**Your instructions:** For this exercise, output the line containing "Title: Rupert Motors" and every line after it through the end of the records, exactly, and no other line.

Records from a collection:
++++++++++++++++++++
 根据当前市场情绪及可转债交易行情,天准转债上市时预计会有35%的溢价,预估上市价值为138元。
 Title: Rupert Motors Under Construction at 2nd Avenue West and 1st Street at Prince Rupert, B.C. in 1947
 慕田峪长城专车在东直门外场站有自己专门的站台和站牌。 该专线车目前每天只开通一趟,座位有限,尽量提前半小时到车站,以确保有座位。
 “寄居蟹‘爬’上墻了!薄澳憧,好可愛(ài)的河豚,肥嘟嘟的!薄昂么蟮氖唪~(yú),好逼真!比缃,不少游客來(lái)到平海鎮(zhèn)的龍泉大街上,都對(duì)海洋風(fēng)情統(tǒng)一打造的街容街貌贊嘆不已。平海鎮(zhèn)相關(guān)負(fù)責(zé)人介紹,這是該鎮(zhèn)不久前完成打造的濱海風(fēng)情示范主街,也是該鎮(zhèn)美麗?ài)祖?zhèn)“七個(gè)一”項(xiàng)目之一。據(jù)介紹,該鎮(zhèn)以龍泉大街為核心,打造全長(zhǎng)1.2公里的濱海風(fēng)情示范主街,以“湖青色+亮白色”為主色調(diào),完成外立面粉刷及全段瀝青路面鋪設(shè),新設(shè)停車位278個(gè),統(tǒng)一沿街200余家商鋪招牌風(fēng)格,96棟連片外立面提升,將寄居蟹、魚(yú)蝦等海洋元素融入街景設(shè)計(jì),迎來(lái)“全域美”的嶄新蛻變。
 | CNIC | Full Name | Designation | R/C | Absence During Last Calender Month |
++++++++++++++++++++
**Task result:**
 Title: Rupert Motors Under Construction at 2nd Avenue West and 1st Street at Prince Rupert, B.C. in 1947
 慕田峪长城专车在东直门外场站有自己专门的站台和站牌。 该专线车目前每天只开通一趟,座位有限,尽量提前半小时到车站,以确保有座位。
 “寄居蟹‘爬’上墻了!薄澳憧,好可愛(ài)的河豚,肥嘟嘟的!薄昂么蟮氖唪~(yú),好逼真!比缃,不少游客來(lái)到平海鎮(zhèn)的龍泉大街上,都對(duì)海洋風(fēng)情統(tǒng)一打造的街容街貌贊嘆不已。平海鎮(zhèn)相關(guān)負(fù)責(zé)人介紹,這是該鎮(zhèn)不久前完成打造的濱海風(fēng)情示范主街,也是該鎮(zhèn)美麗?ài)祖?zhèn)“七個(gè)一”項(xiàng)目之一。據(jù)介紹,該鎮(zhèn)以龍泉大街為核心,打造全長(zhǎng)1.2公里的濱海風(fēng)情示范主街,以“湖青色+亮白色”為主色調(diào),完成外立面粉刷及全段瀝青路面鋪設(shè),新設(shè)停車位278個(gè),統(tǒng)一沿街200余家商鋪招牌風(fēng)格,96棟連片外立面提升,將寄居蟹、魚(yú)蝦等海洋元素融入街景設(shè)計(jì),迎來(lái)“全域美”的嶄新蛻變。
 | CNIC | Full Name | Designation | R/C | Absence During Last Calender Month |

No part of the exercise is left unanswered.